SAN MATEO (06/12/2000) - When Human Genome Project (HGP) statisticians were looking for a way to mine billions of bases on the human genetic code and find out which ones cause certain diseases, they turned to SAS Institute Inc. and its Enterprise Miner for help.
"We've had a long relationship with SAS and pointed out to them that this was an area of application that probably needed their expertise," says Dr. Bruce Weir, a statistician at North Carolina State University, in Raleigh, who works on the HGP.
The HGP has been trying for more than a decade to decipher the complete sequence of the human genetic code. Three billion bases pair up to form a single piece of the genetic message, so the process is time-consuming. But the hope is that the research eventually will reveal what genetic patterns cause diseases, with the possibility of cures to follow.
"This is where data mining comes in," Weir says. "We're going to look at data, like a million bits of information per person, maybe a thousand people -- some of which have a disease and some of whom don't -- and then we'll compare those patterns," Weir says.
With the race to decipher the human genome heating up, and in order to maintain a high level of productivity, now more than ever the HGP is resting its hopes on SAS and its technology to help mine and warehouse data.
"Now we're getting into really quite a mess of data mining issues," Weir says.
"We're doing some things, but [we're] certainly having to handle a lot of data, and products like Enterprise Miner, with their warehousing capabilities, are well set up [to handle the task]."
In particular, scientists are using features such as SEMMA (Sample, Explore, Modify, Model, Assess), a built-in guide to help extract data, and decision-tree analysis of SNPs (single nucleotide polymorphisms), genetic markers on the human genome.

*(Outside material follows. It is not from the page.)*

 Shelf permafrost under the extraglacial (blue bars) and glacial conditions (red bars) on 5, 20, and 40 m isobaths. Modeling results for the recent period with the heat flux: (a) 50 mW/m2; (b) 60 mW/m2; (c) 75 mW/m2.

The data must be managed in a way to keep it logically structured and capable of being easily matched and organized.
Enterprise Miner's decision-tree analysis creates a graphical representation of the data, making it easier to see where all the data fits phenotypically.

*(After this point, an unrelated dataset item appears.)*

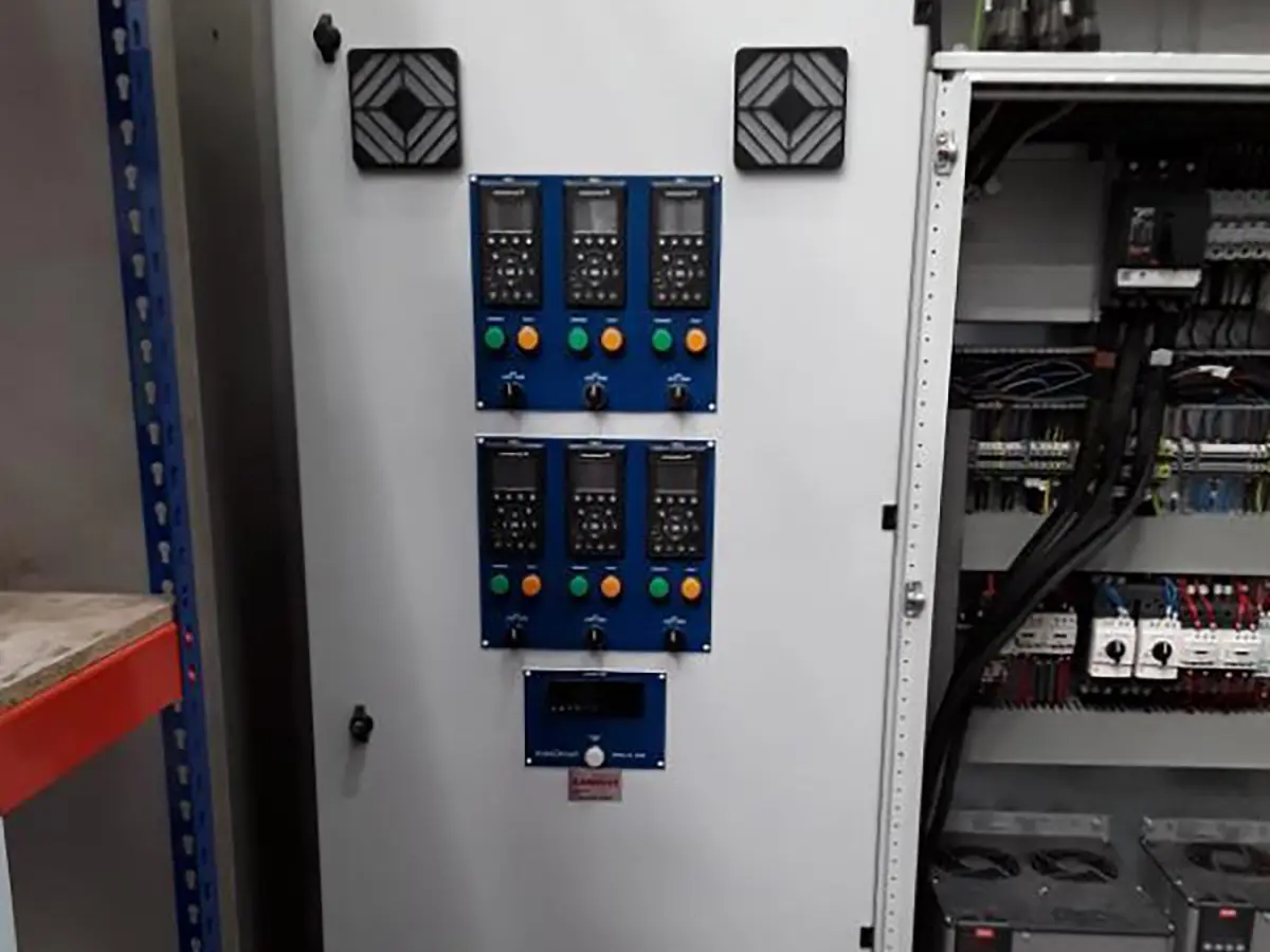 To help the system operate more efficiently, the Dura Pump team built a bespoke control panel with 6 x 18.5 kW Grundfos inverters. This system would also control the fan speed according to the return water temperature.

To further aid HGP scientists, SAS Institute has developed several features specifically for mining genomic data, providing a filter for false alarms, or "noise" of SNPs that may look like they are markers signaling an abnormality but really aren't. The company also has provided a tool that looks at how different markers relate to each other, and a tool that helps factor in family history patterns.

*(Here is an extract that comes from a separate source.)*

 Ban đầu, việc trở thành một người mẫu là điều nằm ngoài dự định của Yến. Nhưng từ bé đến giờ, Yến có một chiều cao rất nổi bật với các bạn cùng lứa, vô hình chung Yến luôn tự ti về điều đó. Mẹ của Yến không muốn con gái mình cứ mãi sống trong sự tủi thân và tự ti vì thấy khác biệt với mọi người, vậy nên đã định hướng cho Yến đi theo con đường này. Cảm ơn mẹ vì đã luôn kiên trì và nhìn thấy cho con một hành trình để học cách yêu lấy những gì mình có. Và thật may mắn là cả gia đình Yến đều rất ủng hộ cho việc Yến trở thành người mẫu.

"Those people [at SAS] are used to seeing lots of data, and in the medical community we're not, so we're feeling a bit overwhelmed," Weir concedes.
The hope is that once the genome project is complete, doctors will be able to match drugs specifically for gene types and, taking gene therapy to new levels, cure or predict genetic malformations.
Make no mistake about it: The race to find cures to diseases such as Alzheimer's may rest in the hands of these scientists and the data mining solutions that SAS provides.